Sharakhova Maria V, Hammond Martin P, Lobo Neil F, Krzywinski Jaroslaw, Unger Maria F, Hillenmeyer Maureen E, Bruggner Robert V, Birney Ewan, Collins Frank H
Center for Global Health and Infectious Diseases, University of Notre Dame, Galvin Life Sciences Building, Notre Dame, IN 46556-0369, USA.
Genome Biol. 2007;8(1):R5. doi: 10.1186/gb-2007-8-1-r5.
The genome of Anopheles gambiae, the major vector of malaria, was sequenced and assembled in 2002. This initial genome assembly and analysis made available to the scientific community was complicated by the presence of assembly issues, such as scaffolds with no chromosomal location, no sequence data for the Y chromosome, haplotype polymorphisms resulting in two different genome assemblies in limited regions and contaminating bacterial DNA.
Polytene chromosome in situ hybridization with cDNA clones was used to place 15 unmapped scaffolds (sizes totaling 5.34 Mbp) in the pericentromeric regions of the chromosomes and oriented a further 9 scaffolds. Additional analysis by in situ hybridization of bacterial artificial chromosome (BAC) clones placed 1.32 Mbp (5 scaffolds) in the physical gaps between scaffolds on euchromatic parts of the chromosomes. The Y chromosome sequence information (0.18 Mbp) remains highly incomplete and fragmented among 55 short scaffolds. Analysis of BAC end sequences showed that 22 inter-scaffold gaps were spanned by BAC clones. Unmapped scaffolds were also aligned to the chromosome assemblies in silico, identifying regions totaling 8.18 Mbp (144 scaffolds) that are probably represented in the genome project by two alternative assemblies. An additional 3.53 Mbp of alternative assembly was identified within mapped scaffolds. Scaffolds comprising 1.97 Mbp (679 small scaffolds) were identified as probably derived from contaminating bacterial DNA. In total, about 33% of previously unmapped sequences were placed on the chromosomes.
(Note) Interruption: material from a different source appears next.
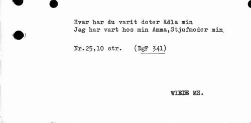 //// Hvar har du varit do ter ädla min ^^ Ja g har vart hos min Amma, St jufmoder min. //// Hr.25,10 str. (DgF 341) //// flMWMMMMMMMMMI //// WIEDE MS. ////

This study has used new approaches to improve the physical map and assembly of the A. gambiae genome.
疟原虫主要传播媒介冈比亚按蚊的基因组于2002年完成测序和组装。最初提供给科学界的这个基因组组装和分析因存在组装问题而变得复杂,比如没有染色体定位的支架、Y染色体没有序列数据、单倍型多态性导致在有限区域出现两种不同的基因组组装以及细菌DNA污染。
利用与cDNA克隆的多线染色体原位杂交,将15个未定位的支架(总大小为5.34 Mbp)定位到染色体的着丝粒周围区域,并确定了另外9个支架的方向。通过细菌人工染色体(BAC)克隆的原位杂交进行的额外分析,将1.32 Mbp(5个支架)定位到染色体常染色质部分支架之间的物理间隙中。Y染色体序列信息(0.18 Mbp)仍然高度不完整,分散在55个短支架中。BAC末端序列分析表明,22个支架间间隙被BAC克隆跨越。未定位的支架也通过计算机模拟与染色体组装进行比对,确定了总计8.18 Mbp(144个支架)的区域,这些区域在基因组计划中可能由两种替代组装表示。在已定位的支架内还鉴定出另外3.53 Mbp的替代组装。确定包含1.97 Mbp(679个小支架)的支架可能源自污染的细菌DNA。总共约33%的先前未定位序列被定位到染色体上。
本研究采用了新方法来改进冈比亚按蚊基因组的物理图谱和组装。